**Activity**
Begin at the line that has "mise en place", stop after the line that has "Ook de toilet- en", and print exactly those lines from the records below, without any pictures.

START Exercise data

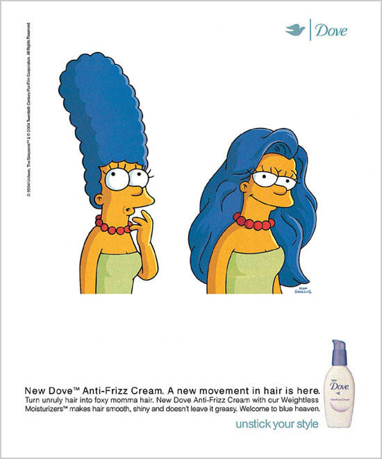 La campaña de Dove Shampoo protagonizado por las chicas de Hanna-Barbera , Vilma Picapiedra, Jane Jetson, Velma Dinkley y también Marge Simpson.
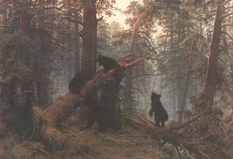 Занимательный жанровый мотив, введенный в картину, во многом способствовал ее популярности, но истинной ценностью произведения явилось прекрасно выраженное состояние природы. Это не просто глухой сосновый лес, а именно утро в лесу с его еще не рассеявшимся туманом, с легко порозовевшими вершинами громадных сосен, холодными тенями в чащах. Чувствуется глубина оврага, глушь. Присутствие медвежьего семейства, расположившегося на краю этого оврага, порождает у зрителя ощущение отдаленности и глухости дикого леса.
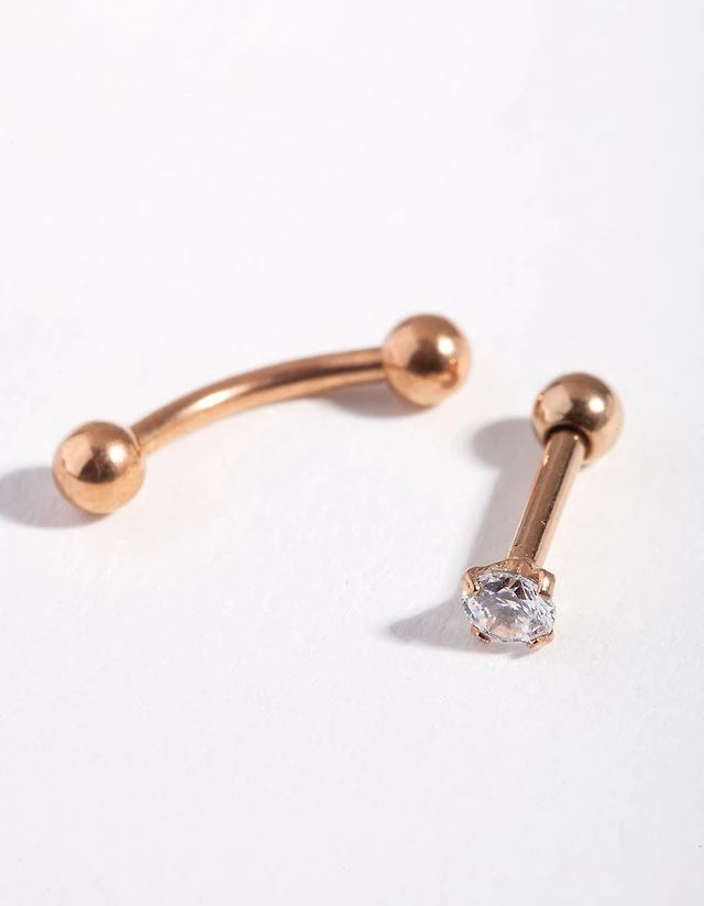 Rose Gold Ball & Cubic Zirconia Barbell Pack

END Exercise data
START Exercise data

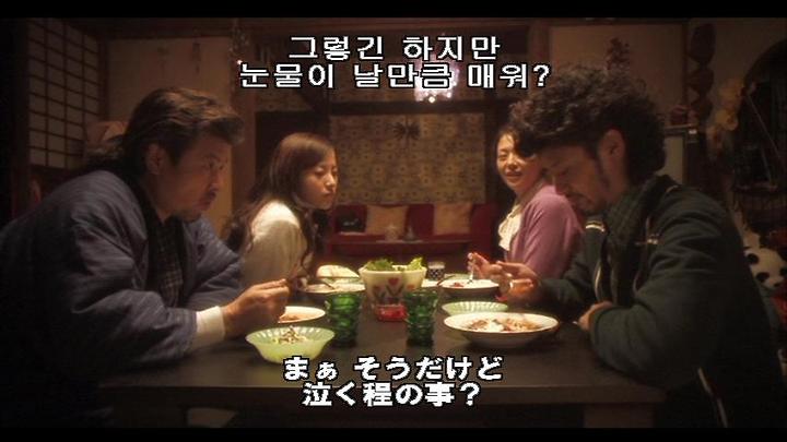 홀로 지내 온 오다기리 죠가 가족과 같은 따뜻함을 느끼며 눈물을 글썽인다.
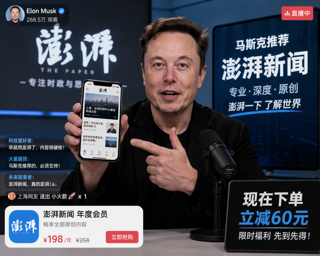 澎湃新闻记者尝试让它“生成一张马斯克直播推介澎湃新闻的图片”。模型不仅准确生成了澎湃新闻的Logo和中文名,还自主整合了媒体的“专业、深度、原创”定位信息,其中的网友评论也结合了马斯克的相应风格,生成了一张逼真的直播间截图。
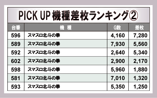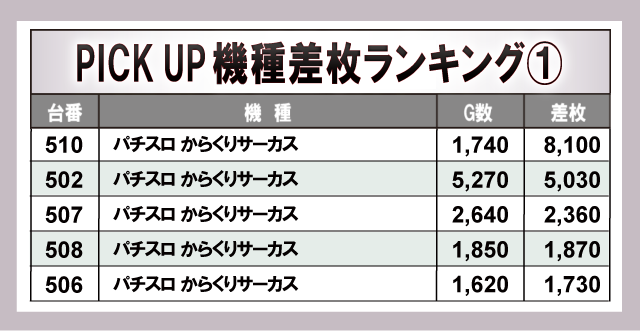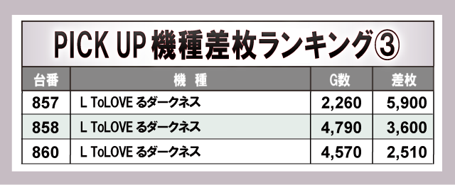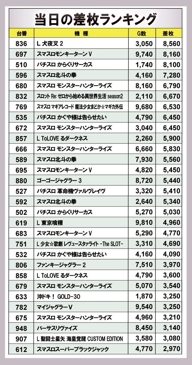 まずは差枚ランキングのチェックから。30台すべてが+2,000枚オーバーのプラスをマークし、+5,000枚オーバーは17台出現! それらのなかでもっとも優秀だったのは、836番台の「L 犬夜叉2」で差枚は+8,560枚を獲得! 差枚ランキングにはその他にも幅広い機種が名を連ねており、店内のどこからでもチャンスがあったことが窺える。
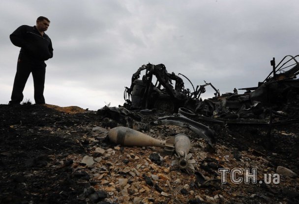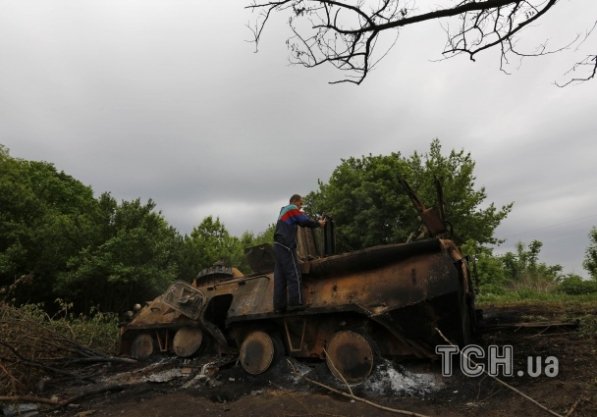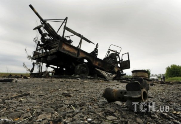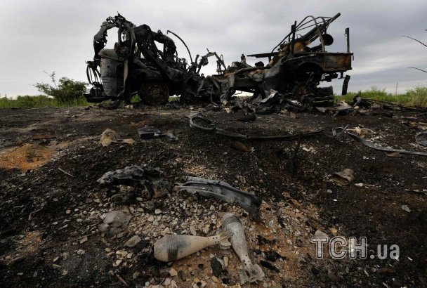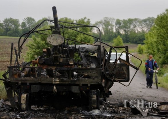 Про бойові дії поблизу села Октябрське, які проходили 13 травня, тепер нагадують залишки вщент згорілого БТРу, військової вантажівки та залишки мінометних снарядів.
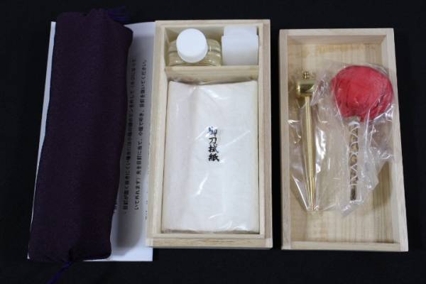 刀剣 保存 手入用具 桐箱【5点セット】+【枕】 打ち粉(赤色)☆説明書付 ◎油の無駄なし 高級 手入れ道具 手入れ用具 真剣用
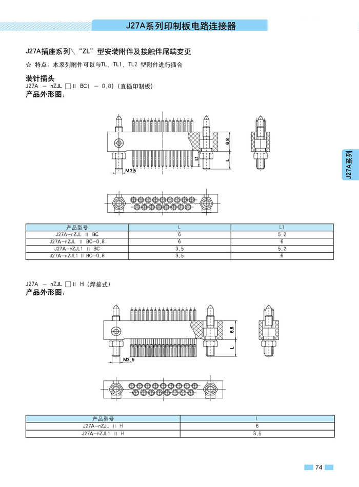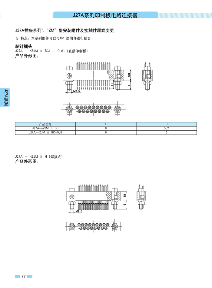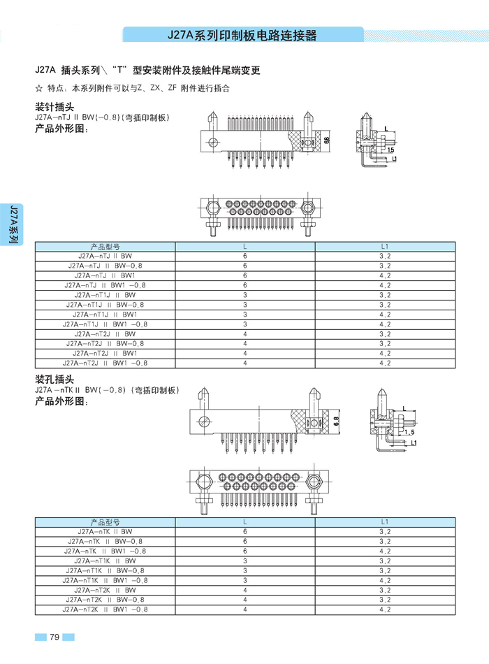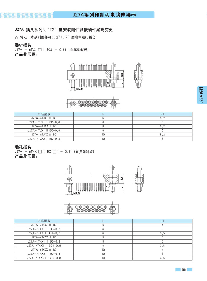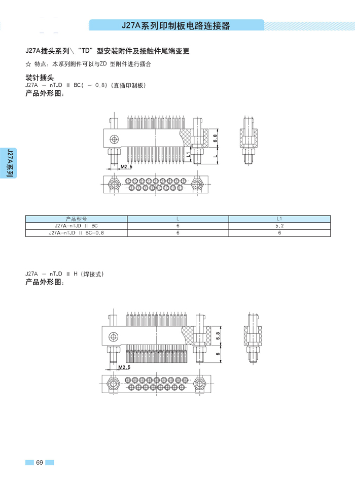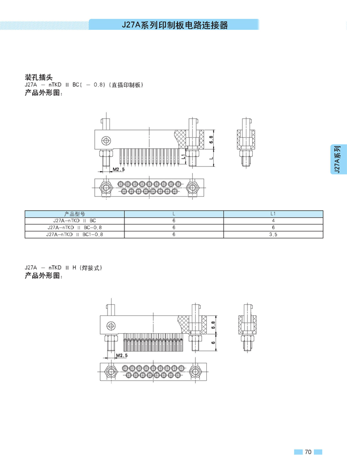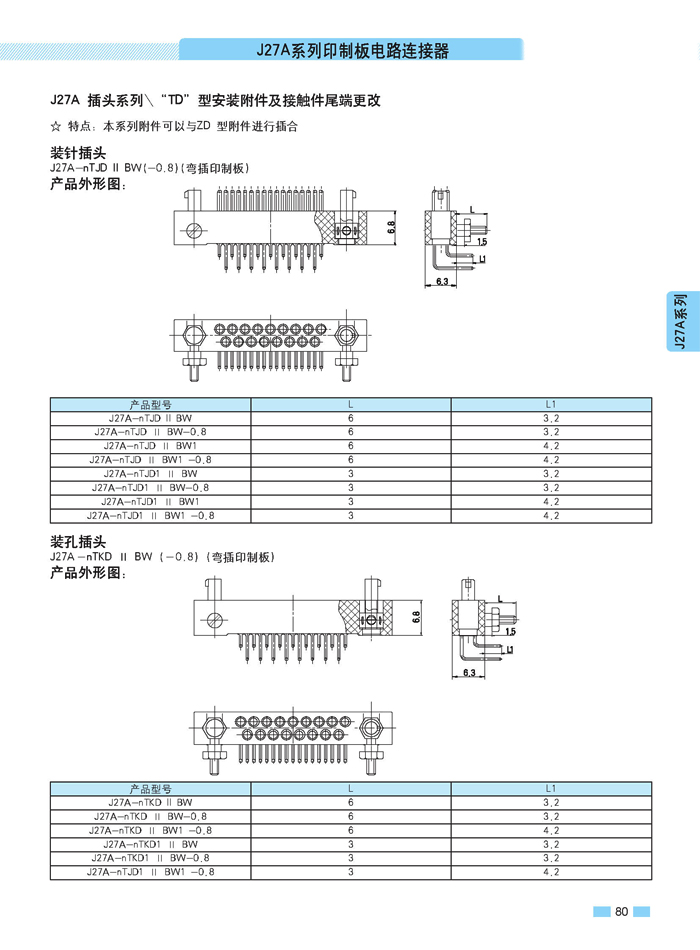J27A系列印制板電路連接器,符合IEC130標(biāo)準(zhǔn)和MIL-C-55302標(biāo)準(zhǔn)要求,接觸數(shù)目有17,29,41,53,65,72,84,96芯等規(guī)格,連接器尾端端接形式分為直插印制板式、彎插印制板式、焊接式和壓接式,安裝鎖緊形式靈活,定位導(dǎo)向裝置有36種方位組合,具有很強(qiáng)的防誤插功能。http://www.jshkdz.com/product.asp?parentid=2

END Exercise data
START Exercise data

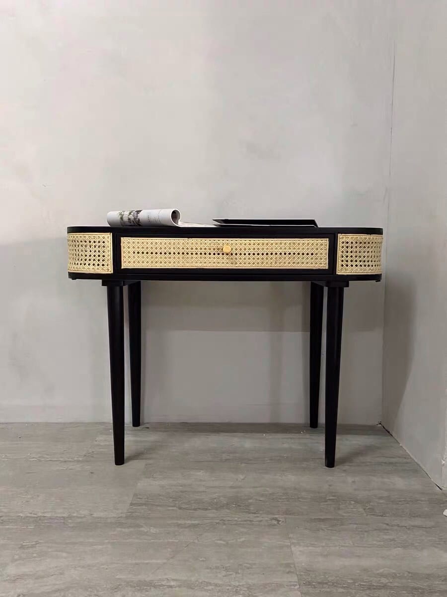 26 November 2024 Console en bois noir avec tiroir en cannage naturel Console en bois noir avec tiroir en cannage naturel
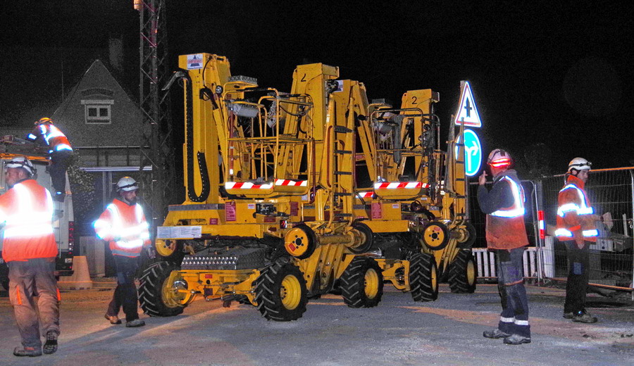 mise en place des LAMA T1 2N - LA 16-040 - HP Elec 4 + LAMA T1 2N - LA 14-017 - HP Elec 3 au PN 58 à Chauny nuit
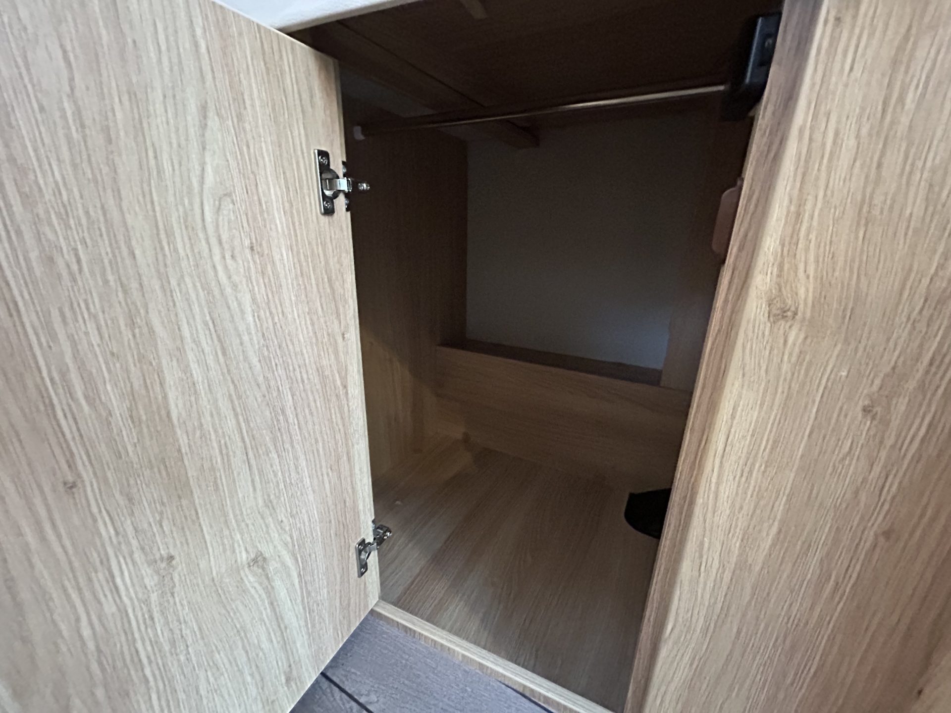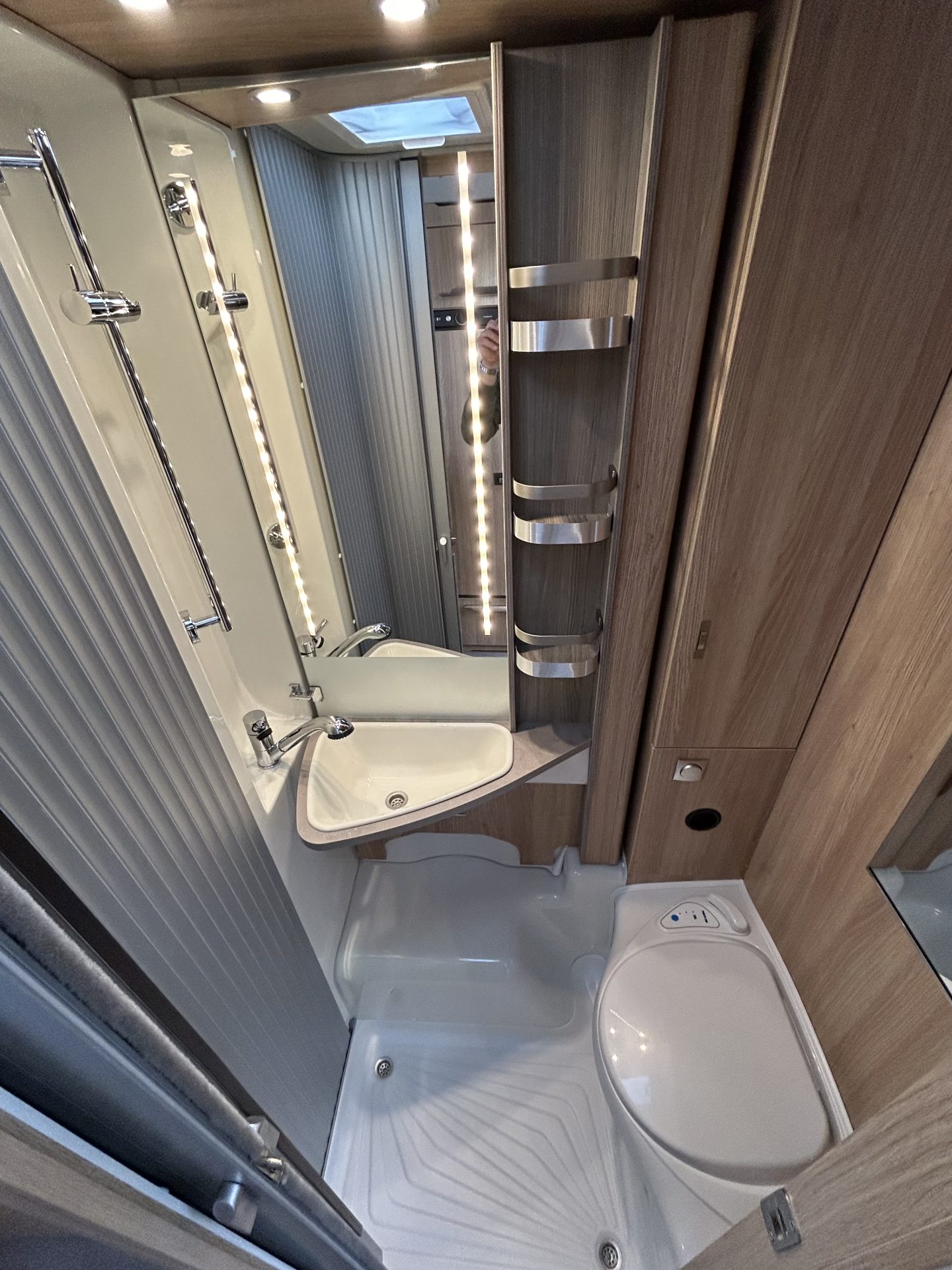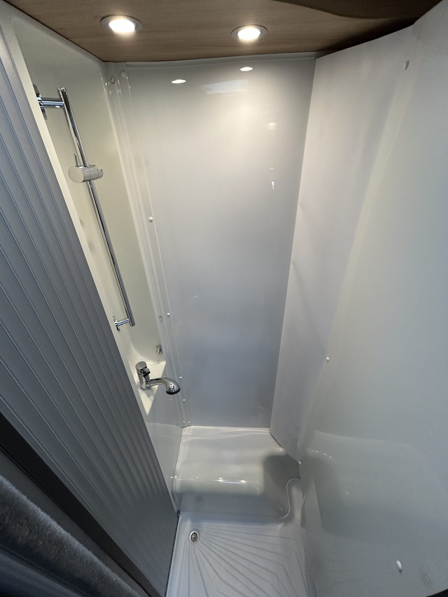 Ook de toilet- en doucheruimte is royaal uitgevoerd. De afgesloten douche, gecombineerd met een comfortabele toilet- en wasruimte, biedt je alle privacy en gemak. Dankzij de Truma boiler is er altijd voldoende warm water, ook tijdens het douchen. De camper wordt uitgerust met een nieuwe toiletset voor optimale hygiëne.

END Exercise data

**Response box**
 mise en place des LAMA T1 2N - LA 16-040 - HP Elec 4 + LAMA T1 2N - LA 14-017 - HP Elec 3 au PN 58 à Chauny nuit
 Ook de toilet- en doucheruimte is royaal uitgevoerd. De afgesloten douche, gecombineerd met een comfortabele toilet- en wasruimte, biedt je alle privacy en gemak. Dankzij de Truma boiler is er altijd voldoende warm water, ook tijdens het douchen. De camper wordt uitgerust met een nieuwe toiletset voor optimale hygiëne.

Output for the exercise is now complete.